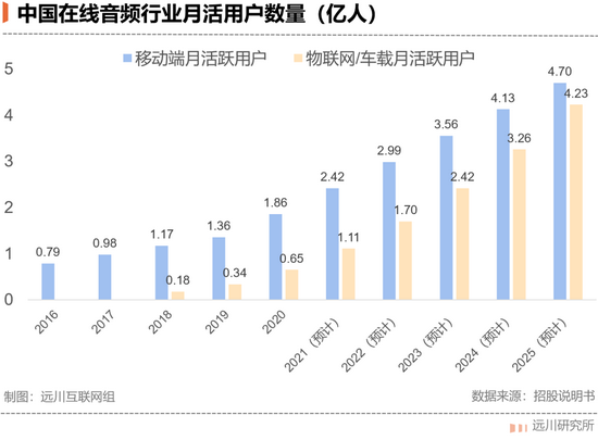 根据喜马拉雅专门请灼识咨询(花了80万)做的中国在线音频市场的调查分析报告显示,2020年在线音频行业移动端平均月活跃用户1.86亿人,物联网及车载月活用户0.65亿人,而到2025年这两个数字分别预计为4.7亿人和4.23亿人。
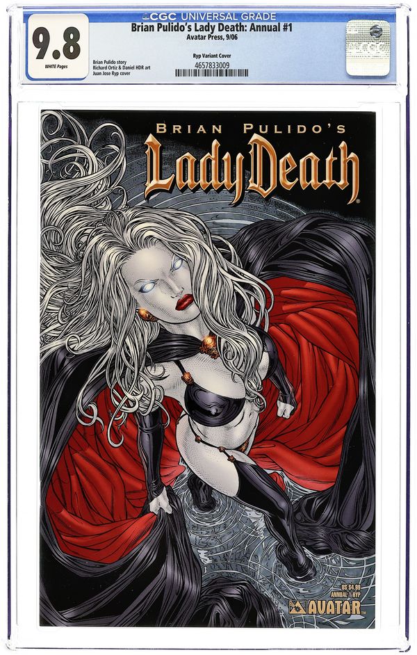 Written by Brian Pulido and Mike MacLean. Art by Diego Bernard. Cover by Anthony Spay. 'Deathocalypse', an official year long company wide event begins here! Caprice's mental manipulations unleashed Lady Death's evil side and New Orleans paid the price in wanton death and destruction. Recovered, Lady Death is now seen worldwide as a villain to be feared and eliminated. Meanwhile, the extinction-level villain Insurrectus and his new mate Atrocity plan to usher in a new horrific age of terror. Can the diva of death overcome this catastrophic crusade she struggles against her own wicked appetites, or are we all doomed once and for all? 32 pages, full color. Cover price $25.00.
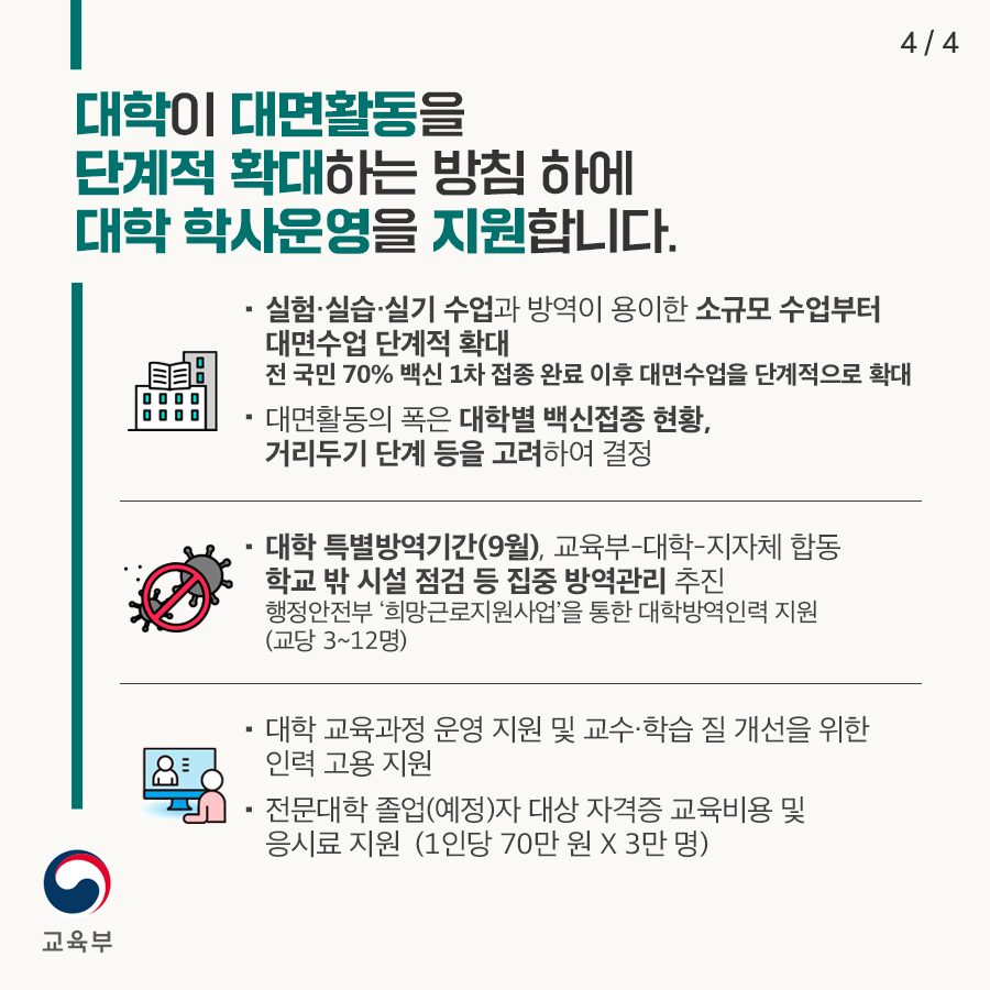 대학이 대면활동을 단계적 확대하는 방침 하에 대학 학사운영을 지원합니다.
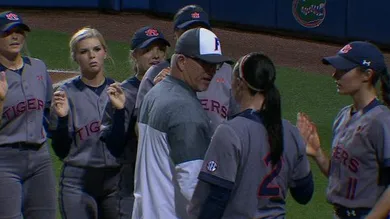 In the handshake line, following Auburn's 1-0 victory, Auburn shortstop Haley Fagan put her hand down when she got to the Florida coaches which resulted in UF head coach Tim Walton hitting her in the shoulder. Fagan retaliated by shoving Walton in the back and then it turned into a shouting match.
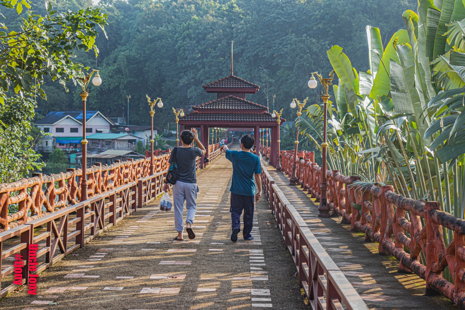 แล้วก็ที่นี่ยังมีสะพานแดงเห็นเขาว่ามันเดินข้ามฝั่งไปที่ฝั่งหมู่บ้านไทยแต่พอดีผมไม่ได้ไปนะครับ
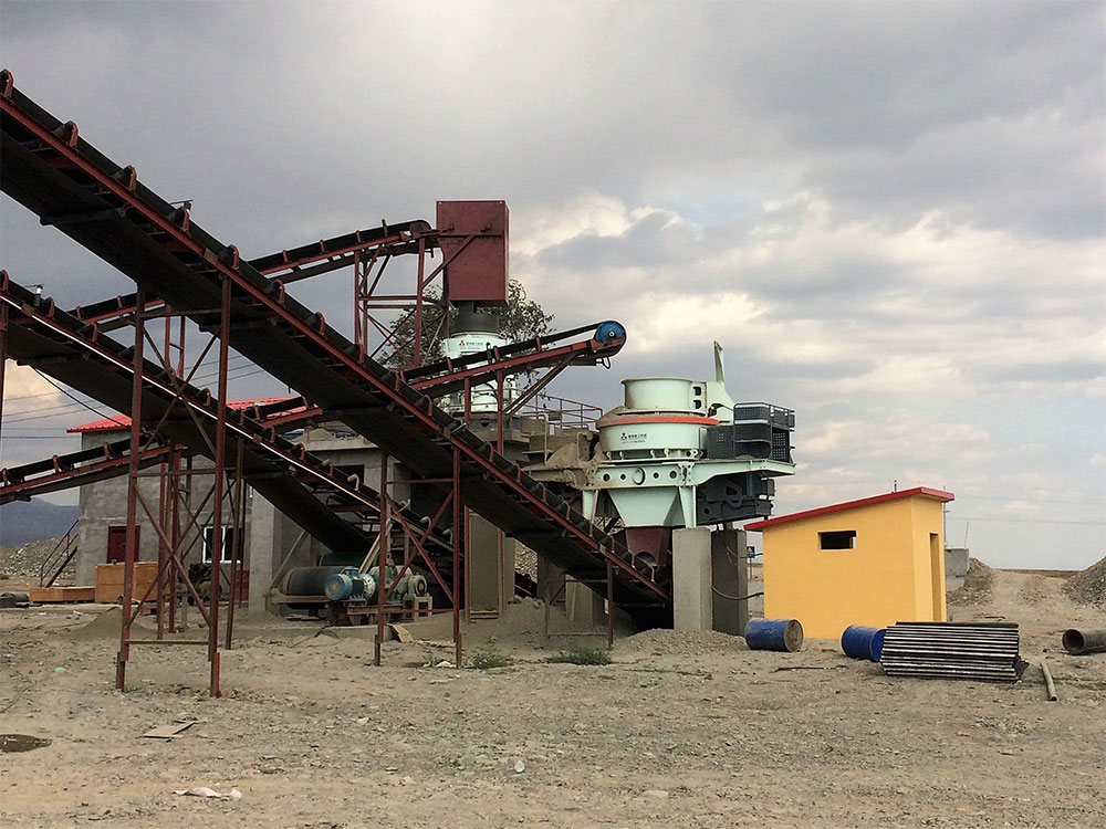 تدخل الأحجار التي تم سحقها في البداية مرحلة التكسير المتوسطة. وحسب صلابة الصخور والاحتياجات المحددة، يختار المصنع كسارة مخروطية أو كسارة صدمية لمزيد من التكسير. تُعد الكسارات المخروطية مناسبة لمعالجة الصخور عالية الصلابة، بينما تُعد الكسارات الصدمية أكثر ملاءمة لمعالجة الصخور متوسطة الصلابة واللينة. بعد هذه المرحلة، تُسحق الأحجار إلى أحجار صغيرة بأحجام تتراوح بين 1 و5 سم استعدادًا لخطوة صنع الرمل.
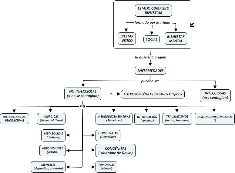 Este Cmap, tiene información relacionada con: 3 Enfermedades no infecciosas, NO INFECCIOSAS (= no se contagian) e.g TRAUMATISMOS (herias, fracturas), NO INFECCIOSAS (= no se contagian) e.g MENTALES (depresión, anorexia), NO INFECCIOSAS (= no se contagian) e.g INTOXICACIÓN (venenos), NO INFECCIOSAS (= no se contagian) ES ALTERACIÓN CÉLULAS, ÓRGANOS Y TEJIDOS, ESTADO COMPLETO BIENESTAR formado por la triada BIESTAR FÍSICO, NO INFECCIOSAS (= no se contagian) e.g NEURODEGENERATIVAS (Alzhéimer), su ausencia origina ENFERMEDADES, NO INFECCIOSAS (= no se contagian) e.g AUTOINMUNES (Artritis), NO INFECCIOSAS (= no se contagian) e.g TUMORALES (cáncer), NO INFECCIOSAS (= no se contagian) e.g USO SUSTANCIAS PSICOACTIVAS, ESTADO COMPLETO BIENESTAR formado por la triada BIENESTAR MENTAL, NO INFECCIOSAS (= no se contagian) e.g METABÓLICAS (diabetes), NO INFECCIOSAS (= no se contagian) e.g DISFUNCIONES ÓRGANOS (), NO INFECCIOSAS (= no se contagian) e.g HEREDITARIAS (Hemofilia), ENFERMEDADES pueden ser INFECCIOSAS (=se contagian), NO INFECCIOSAS (= no se contagian) e.g CONGÉNITAS ( síndrome de Down), ESTADO COMPLETO BIENESTAR formado por la triada SOCIAL, NO INFECCIOSAS (= no se contagian) e.g ALERGICAS (fiebre del Heno), ENFERMEDADES pueden ser NO INFECCIOSAS (= no se contagian)

......

- _Exercise objective_
Output only the lines running from the top of the data above to the line with "แล้วก็ที่นี่ยั", inclusive, word for word and without pictures.

- _Finished task_
 根据喜马拉雅专门请灼识咨询(花了80万)做的中国在线音频市场的调查分析报告显示,2020年在线音频行业移动端平均月活跃用户1.86亿人,物联网及车载月活用户0.65亿人,而到2025年这两个数字分别预计为4.7亿人和4.23亿人。
 Written by Brian Pulido and Mike MacLean. Art by Diego Bernard. Cover by Anthony Spay. 'Deathocalypse', an official year long company wide event begins here! Caprice's mental manipulations unleashed Lady Death's evil side and New Orleans paid the price in wanton death and destruction. Recovered, Lady Death is now seen worldwide as a villain to be feared and eliminated. Meanwhile, the extinction-level villain Insurrectus and his new mate Atrocity plan to usher in a new horrific age of terror. Can the diva of death overcome this catastrophic crusade she struggles against her own wicked appetites, or are we all doomed once and for all? 32 pages, full color. Cover price $25.00.
 대학이 대면활동을 단계적 확대하는 방침 하에 대학 학사운영을 지원합니다.
 In the handshake line, following Auburn's 1-0 victory, Auburn shortstop Haley Fagan put her hand down when she got to the Florida coaches which resulted in UF head coach Tim Walton hitting her in the shoulder. Fagan retaliated by shoving Walton in the back and then it turned into a shouting match.
 แล้วก็ที่นี่ยังมีสะพานแดงเห็นเขาว่ามันเดินข้ามฝั่งไปที่ฝั่งหมู่บ้านไทยแต่พอดีผมไม่ได้ไปนะครับ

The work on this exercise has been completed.